Problem statement: What you return must match the listing below line for line, minus its pictures.

Given data:
-- Opening Marker --

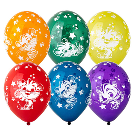 Шар латексный шелкография 14"/35см Тигренок из 6 цветов, 4 дизайнов
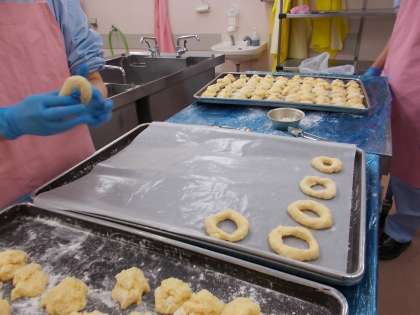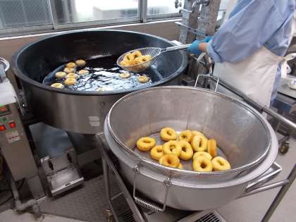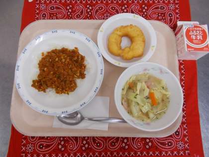 給食室で小麦粉と卵、砂糖、牛乳をメインに生地を作り、穴をあけて形作り、油で揚げて作りました。トッピングシュガーなどもなく、シンプルなドーナツです。お休みが多いクラスもあったので、おかわりが希望者にいきわたったようです。
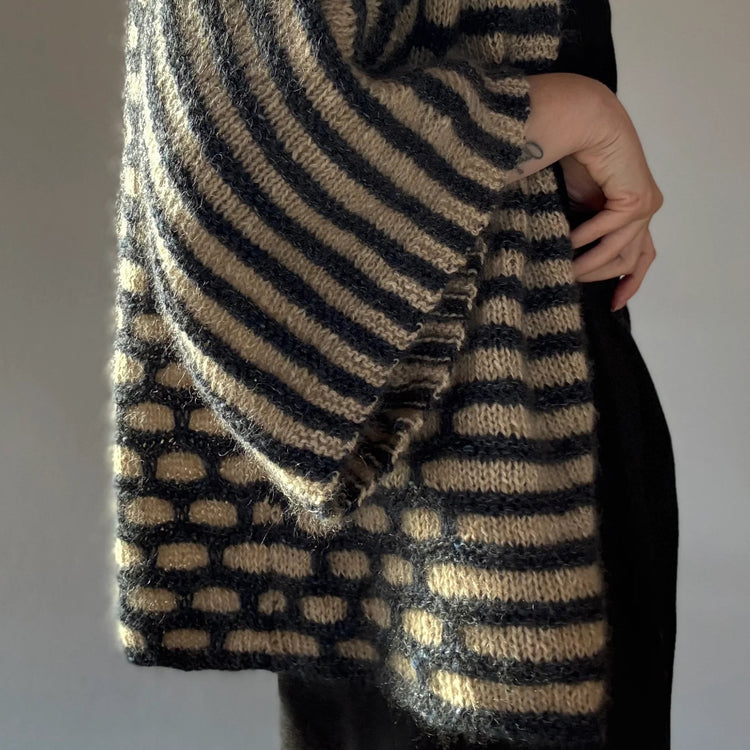 Mit einem GARNA Garnset für die Virginia Jakke von AEGYOKNIT bekommst Du GARNA Luxusgarn für eine Jacke mit einem Look, der an ein Cape erinnert. Die Jacke ist AEGYOKNITs Beitrag zur Isager Archives Collection 2025.

-- Closing Marker --

Solution to this exercise:
 Шар латексный шелкография 14"/35см Тигренок из 6 цветов, 4 дизайнов
 給食室で小麦粉と卵、砂糖、牛乳をメインに生地を作り、穴をあけて形作り、油で揚げて作りました。トッピングシュガーなどもなく、シンプルなドーナツです。お休みが多いクラスもあったので、おかわりが希望者にいきわたったようです。
 Mit einem GARNA Garnset für die Virginia Jakke von AEGYOKNIT bekommst Du GARNA Luxusgarn für eine Jacke mit einem Look, der an ein Cape erinnert. Die Jacke ist AEGYOKNITs Beitrag zur Isager Archives Collection 2025.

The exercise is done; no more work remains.